### What the task requires
Using the entries that follow, transcribe only the lines from the line with "1、在牵牛花系统的温馨提示弹窗中,点击同意,进入登录选择页面。" to the line with "A yellow bucket", both included, exactly as they stand and without pictures.

** Opening Given data block **

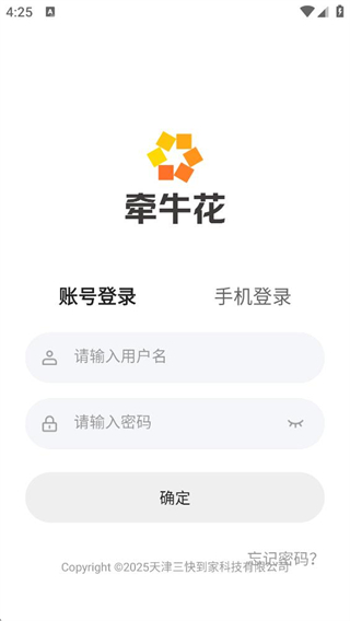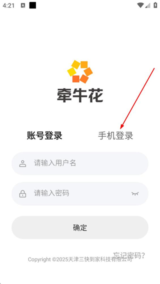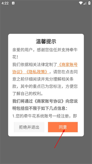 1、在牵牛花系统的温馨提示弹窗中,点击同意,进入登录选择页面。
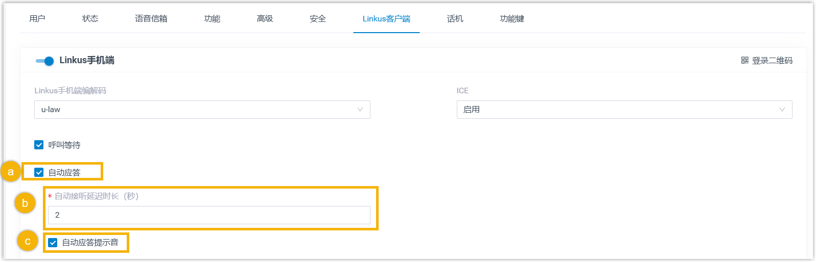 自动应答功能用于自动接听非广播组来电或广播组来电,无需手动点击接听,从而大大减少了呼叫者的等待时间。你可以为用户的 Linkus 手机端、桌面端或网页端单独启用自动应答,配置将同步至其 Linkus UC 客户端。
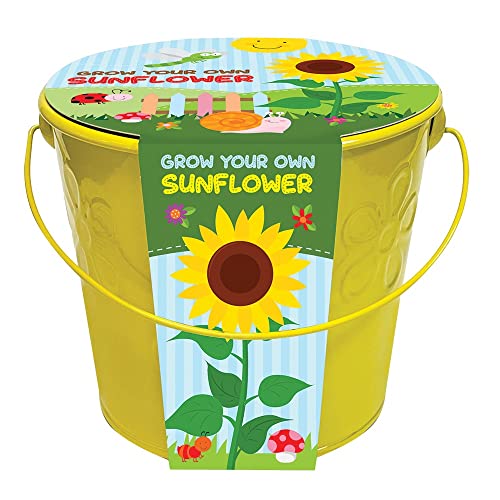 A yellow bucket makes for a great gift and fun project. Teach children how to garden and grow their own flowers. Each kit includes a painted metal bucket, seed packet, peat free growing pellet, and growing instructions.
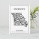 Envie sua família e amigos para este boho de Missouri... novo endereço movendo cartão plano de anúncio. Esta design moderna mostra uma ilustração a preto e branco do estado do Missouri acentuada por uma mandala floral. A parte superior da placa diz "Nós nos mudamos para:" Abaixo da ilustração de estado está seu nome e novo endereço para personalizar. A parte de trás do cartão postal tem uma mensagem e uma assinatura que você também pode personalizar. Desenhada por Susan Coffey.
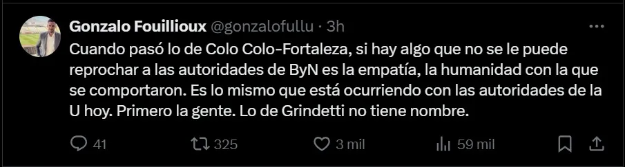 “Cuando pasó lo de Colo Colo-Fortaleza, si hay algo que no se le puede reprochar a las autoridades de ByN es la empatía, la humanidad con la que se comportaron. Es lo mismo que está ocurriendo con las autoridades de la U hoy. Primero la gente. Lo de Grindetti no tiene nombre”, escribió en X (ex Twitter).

** Closing Given data block **
** Opening Given data block **

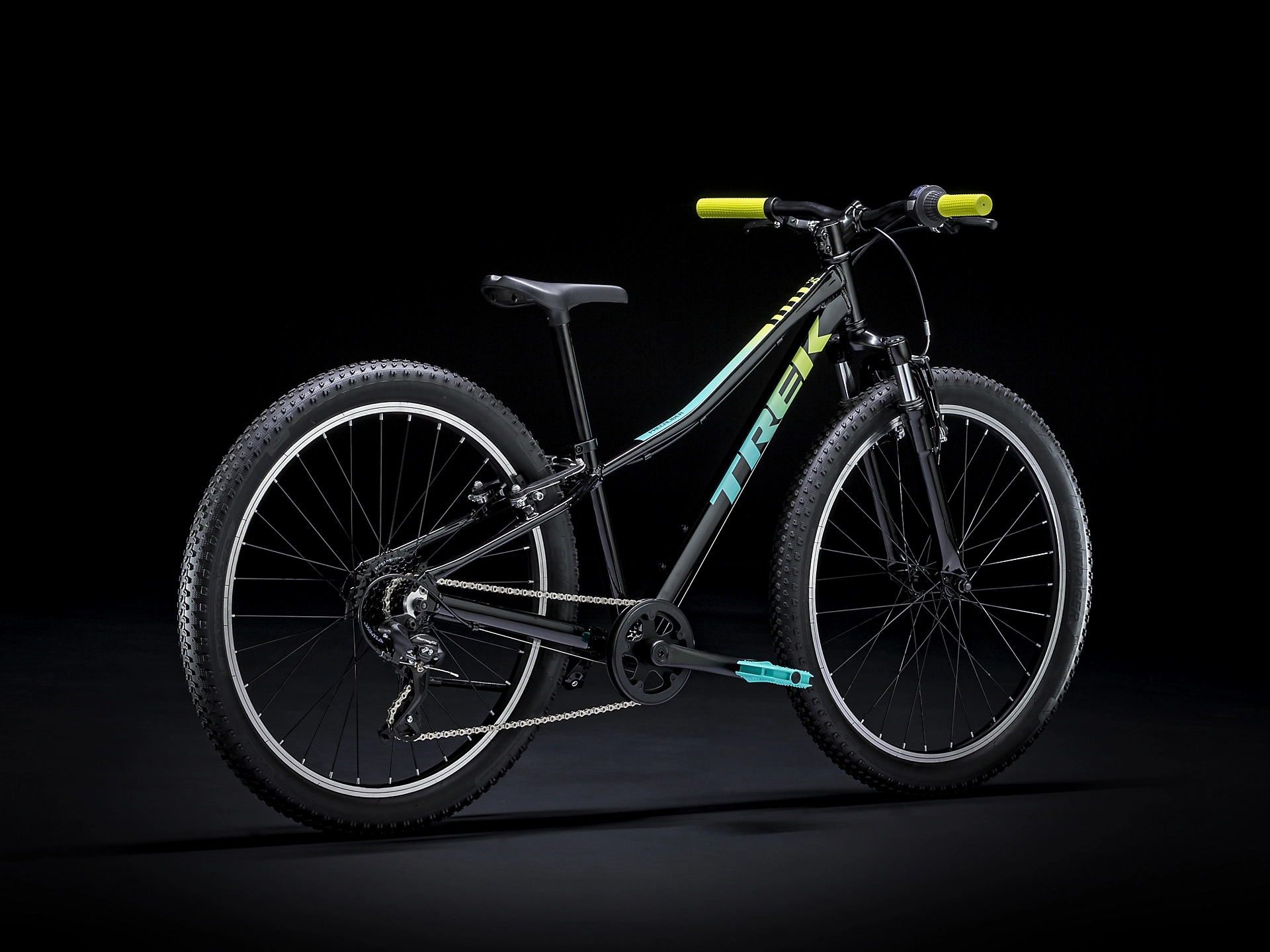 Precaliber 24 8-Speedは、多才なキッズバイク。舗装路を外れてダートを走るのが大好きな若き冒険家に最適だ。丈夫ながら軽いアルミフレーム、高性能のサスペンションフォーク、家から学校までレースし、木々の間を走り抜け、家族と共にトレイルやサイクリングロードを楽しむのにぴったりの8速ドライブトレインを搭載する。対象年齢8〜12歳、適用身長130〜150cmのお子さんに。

** Closing Given data block **

### Exercise output
 1、在牵牛花系统的温馨提示弹窗中,点击同意,进入登录选择页面。
 自动应答功能用于自动接听非广播组来电或广播组来电,无需手动点击接听,从而大大减少了呼叫者的等待时间。你可以为用户的 Linkus 手机端、桌面端或网页端单独启用自动应答,配置将同步至其 Linkus UC 客户端。
 A yellow bucket makes for a great gift and fun project. Teach children how to garden and grow their own flowers. Each kit includes a painted metal bucket, seed packet, peat free growing pellet, and growing instructions.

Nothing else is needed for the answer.